- [DATASET CONTENT]:
╭──

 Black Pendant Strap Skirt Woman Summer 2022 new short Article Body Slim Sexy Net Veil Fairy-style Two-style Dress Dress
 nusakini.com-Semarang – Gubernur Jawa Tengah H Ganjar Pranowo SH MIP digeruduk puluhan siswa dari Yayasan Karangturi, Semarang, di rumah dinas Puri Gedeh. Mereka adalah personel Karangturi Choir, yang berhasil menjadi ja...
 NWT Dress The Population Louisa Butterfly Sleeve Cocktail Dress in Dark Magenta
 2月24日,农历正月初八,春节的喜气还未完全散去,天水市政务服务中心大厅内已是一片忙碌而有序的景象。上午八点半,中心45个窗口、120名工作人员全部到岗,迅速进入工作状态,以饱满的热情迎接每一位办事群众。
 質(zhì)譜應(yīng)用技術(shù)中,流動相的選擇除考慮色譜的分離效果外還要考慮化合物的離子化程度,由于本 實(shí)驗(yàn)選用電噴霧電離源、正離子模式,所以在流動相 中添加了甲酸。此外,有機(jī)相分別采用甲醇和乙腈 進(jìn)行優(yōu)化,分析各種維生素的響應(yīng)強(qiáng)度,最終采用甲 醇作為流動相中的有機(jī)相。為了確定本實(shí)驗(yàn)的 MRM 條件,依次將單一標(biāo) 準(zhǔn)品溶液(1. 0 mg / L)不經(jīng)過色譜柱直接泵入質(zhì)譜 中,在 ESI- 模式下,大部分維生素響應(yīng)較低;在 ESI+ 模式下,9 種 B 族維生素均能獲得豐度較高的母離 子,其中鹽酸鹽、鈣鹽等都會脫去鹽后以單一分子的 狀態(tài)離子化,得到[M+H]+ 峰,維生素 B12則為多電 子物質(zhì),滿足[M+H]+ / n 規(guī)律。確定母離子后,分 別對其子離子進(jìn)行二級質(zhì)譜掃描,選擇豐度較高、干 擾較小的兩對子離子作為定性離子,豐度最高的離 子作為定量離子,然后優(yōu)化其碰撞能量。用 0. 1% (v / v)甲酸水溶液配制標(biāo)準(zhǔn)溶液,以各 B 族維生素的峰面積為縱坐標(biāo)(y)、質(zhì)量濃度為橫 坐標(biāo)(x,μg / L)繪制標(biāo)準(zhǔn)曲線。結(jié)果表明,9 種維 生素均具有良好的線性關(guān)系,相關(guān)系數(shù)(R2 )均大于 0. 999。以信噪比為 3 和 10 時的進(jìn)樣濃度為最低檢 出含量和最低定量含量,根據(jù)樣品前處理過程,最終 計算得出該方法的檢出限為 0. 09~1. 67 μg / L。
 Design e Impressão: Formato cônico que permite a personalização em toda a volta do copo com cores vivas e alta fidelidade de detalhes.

╰──
╭──

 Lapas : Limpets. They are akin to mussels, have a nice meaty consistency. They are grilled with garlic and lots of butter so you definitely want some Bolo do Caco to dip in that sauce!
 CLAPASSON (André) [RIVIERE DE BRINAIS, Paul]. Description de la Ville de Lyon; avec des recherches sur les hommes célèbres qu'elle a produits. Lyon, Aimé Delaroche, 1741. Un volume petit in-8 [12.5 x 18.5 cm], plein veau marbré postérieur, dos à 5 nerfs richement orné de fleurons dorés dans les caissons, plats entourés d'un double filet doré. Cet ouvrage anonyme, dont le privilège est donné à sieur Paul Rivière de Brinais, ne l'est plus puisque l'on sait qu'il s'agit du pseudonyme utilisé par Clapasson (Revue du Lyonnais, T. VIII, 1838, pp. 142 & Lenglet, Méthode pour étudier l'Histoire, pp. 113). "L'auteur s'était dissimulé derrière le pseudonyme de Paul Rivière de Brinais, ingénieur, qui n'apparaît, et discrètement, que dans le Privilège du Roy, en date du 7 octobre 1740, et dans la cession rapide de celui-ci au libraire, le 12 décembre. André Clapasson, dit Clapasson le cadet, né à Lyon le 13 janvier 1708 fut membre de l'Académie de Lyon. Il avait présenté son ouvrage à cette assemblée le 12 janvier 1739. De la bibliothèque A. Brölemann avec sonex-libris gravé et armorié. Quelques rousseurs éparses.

╰──

- [TASK]:
Identify every line above that includes the word "Dress", and show those lines.

- [SOLUTION]:
 Black Pendant Strap Skirt Woman Summer 2022 new short Article Body Slim Sexy Net Veil Fairy-style Two-style Dress Dress
 NWT Dress The Population Louisa Butterfly Sleeve Cocktail Dress in Dark Magenta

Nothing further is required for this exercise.